President Donald Trump on Friday advanced a Russian disinformation campaign aimed at the U.S. and its allies, endorsing a conspiracy theory less than 24 hours after his former top aide testified under oath that it was part of “a fictional narrative that has been perpetrated and propagated by the Russian security services.”
The conspiracy theory, which took root and later spread among far-right Internet websites, conservative media and members of Trump’s inner circle, holds that Ukraine conspired against Trump during the 2016 election and colluded with his rival, Hillary Clinton, by hiding the Democratic National Committee’s email server. The theory claims that CrowdStrike, a security firm hired to investigate the hacking of emails from the DNC, covered up Ukraine’s role and framed Russia instead. In the President’s July 25 call that helped trigger the impeachment inquiry, Trump asked Ukrainian President Volodymyr Zelensky to do him a “favor” and look into Crowdstrike.
The Ukraine theory has been dismissed as false by several of Trump’s current and former top advisors, including his former Homeland Security advisor and others, and by Russia policy experts who say circulating it benefits Moscow. Nevertheless, Trump once again made the false accusation Friday during a nearly hour-long call-in to the “Fox & Friends” morning show in an apparent attempt to defend himself against this week’s House Intelligence Committee impeachment hearings.
“They have the server from the DNC,” Trump told the three hosts.
“Who has the server?” asked co-host Brian Kilmeade.
“They gave the server to Crowdstrike or whatever it’s called, which is a company owned by a very wealthy Ukrainian,” Trump said. “And I still want to see that server. That’s a big part of this whole thing. Why did they give it to a Ukrainian company?”
“Are you sure they did that?” asked Steve Doocy, another co-host, shifting in his seat. “Are you sure they gave it to Ukraine?”
“Well, that’s what the word is,” Trump said. “That’s what I asked actually in my phone call, as you know.”
The theory has long been proven wrong — a point emphatically made just yesterday by Fiona Hill, Trump’s former top Russia adviser. The committee heard a similar statement Tuesday from Lt. Col. Alexander Vindman, Trump’s current top Ukraine expert.
Tom Bossert, Trump’s former Homeland Security adviser, told ABC News in September that the accusation was being pushed by Rudy Giuliani, Trump’s personal lawyer. “It’s not only a conspiracy theory, it is completely debunked,” he said. “At this point, I am deeply frustrated with what he and the legal team is doing in repeating that debunked theory to the President. It sticks in his mind when he hears it over and over again… It has no validity. The United States government reached its conclusion on attributing the DNC hack to Russia in 2016 before it even communicated it to the FBI, long before the FBI ever knocked on the door of the DNC.”

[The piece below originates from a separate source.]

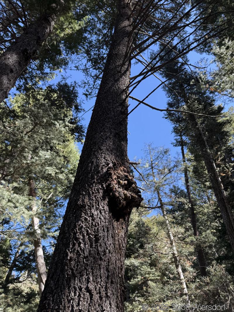 Our ambition was lower than when we were half our ages, and this doesn’t bother us. Our objective was (merely) the 4400 foot elevation gain from the trailhead to the high point on the ridgeline west of the Twin Peaks, which is prominent from the valley floor:

Trump has been repeating the Ukraine theory since at least April 2017 when he told the Associated Press he “heard it’s owned by a very rich Ukrainian.” He would continue to refer to the false narrative in other interviews that the firm was owned by Ukrainians or based there, despite the fact that it is a U.S. company based in Sunnyvale, Calif., with no known ties to Ukraine.
As the Mueller probe gained steam in the summer of 2017, Fox News host Sean Hannity devoted segments of his show to the allegations that the Clinton campaign had received help from Ukrainian officials, with a banner of the country’s blue-and-yellow flag reading in all-caps “UKRAINIAN ELECTION INTERFERENCE?” Trump’s son Donald Jr. amplified the Ukraine theories after his infamous Trump Tower meeting with a Kremlin-linked lawyer became public in July 2017, retweeting that “DNC operatives actively worked with Ukrainian government officials to dig up oppo research,” and asking, “No outrage???”
Hill told the Intelligence committee these false narratives threaten U.S. national security interests. “In the course of this investigation, I would ask that you please not promote politically driven falsehoods that so clearly advance Russian interests,” she testified, adding: “The fictions are harmful even if they are deployed for purely domestic political purposes.”